Ответ прозвучал двусмысленно, но Толя ничего не понял, – он обрадовался их одобрению – как мальчик; схватил бутылку вина, разлил по стаканам и сказал: – Спасибо вам, дорогие мои, за доброе слово. Давайте выпьем за вас, я вас так люблю, вы такие хорошие, я всегда завидовал Боре и Андрею… Давайте выпьем, вы не представляете, как я рад, что вам понравилась Света, я вижу, вы ей тоже понравились… И он поднял свой стакан, Анна подняла свой, но Лиза к своему не притронулась. Она сказала: – Толя, ты меня извини, но я уже сегодня довольно выпила, а мне, сам знаешь, еще далеко ехать. И, вообще, нам пора – пойду вытаскивать Борю. И вышла из кухни. Анна чокнулась с Толей и сделала пару глотков, чтобы поддержать его восторженный настрой. Толя допил свое вино до конца и стал рассказывать о том, что его переполняло сейчас черeз край: о Свете, как и где они познакомились, как он с первой минуты вдруг понял, что Света – человек необычный, о ее славной дочке, – в общем, персональную вариацию на тему «я влюблен». Анна вполуха слушала его историю, но больше думала о Лизе – такой категоричной и непримиримой в своем мнении она ее не знала.

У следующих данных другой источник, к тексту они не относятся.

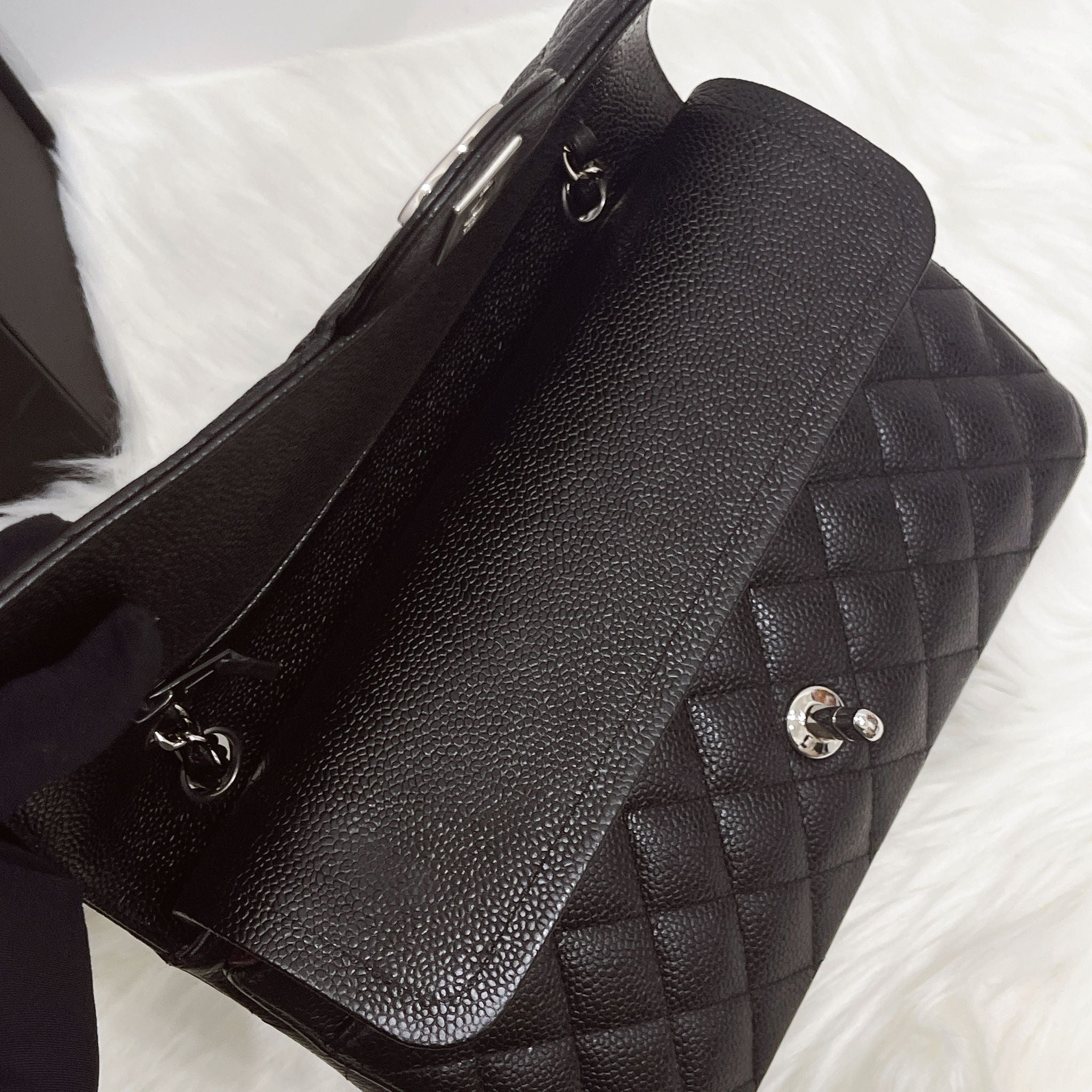 Chanel black caviar medium classic flap, silver hdw 30 series. Comes with box, dustbag, authenticity card and entrupy certificate of authentication.

Попрощались они все как-то вяло: когда мужчины вдруг разом загалдели на тему, что теперь у них три полноценные пары с детьми, и им нужно почаще встречаться, чтобы поддерживать друг дружку в этом «холодном мире капитализма», и всем было радостно хмельно оттого, что они так хорошо понимают друг друга, Лиза одна стояла молча и терпеливо ждала, когда пьяный Борис расцелуется со всеми. Анна чувствовала настроение Лизы и была почти уверена, что тесных дружеских встреч не будет.
Казалось, что большие тревоги и проблемы отступили, но после праздников радостное настроение ушло. Они жили в своем уютном апартменте, у Андрея была хорошая работа по профессии, Сонечка с радостью ходила в школу и дома очень серьезно делала свои дополнительны задания. Анна рассылала резюме, тоже была при деле, но дело ей представлялось несерьезным, она не надеялась на ответы. Во-первых, она даже не знала, что она тут, в Америке может делать – как, впрочем, и в России с ее узкоспецифичным инженерным образованием. А во-вторых, она должна была уводить и приводить Соню из школы и быть с ней остаток дня. Даже part time работа ей не подходила. Решено было, если подвернется действительно хорошая работа, то они будут думать, а так лучше ждатъ осени, когда Соня пойдет в первый класс. Настроение на магазины прошло, скорее всего из-за денег: вдруг оказалось, что заработка Андрея хватает, за вычетом выплат за жилье, только на самое необходимое. Получалось, что еще долго им придется жить на строгом бюджете, особенно когда выяснилось, что при кажущейся дешевизне продуктов, одежды и необходимых мелочей – на них троих уходит порядком денег. Пришлось Анне, всегда далекой от дебит —кредитов подсчитывать каждый потраченный доллар.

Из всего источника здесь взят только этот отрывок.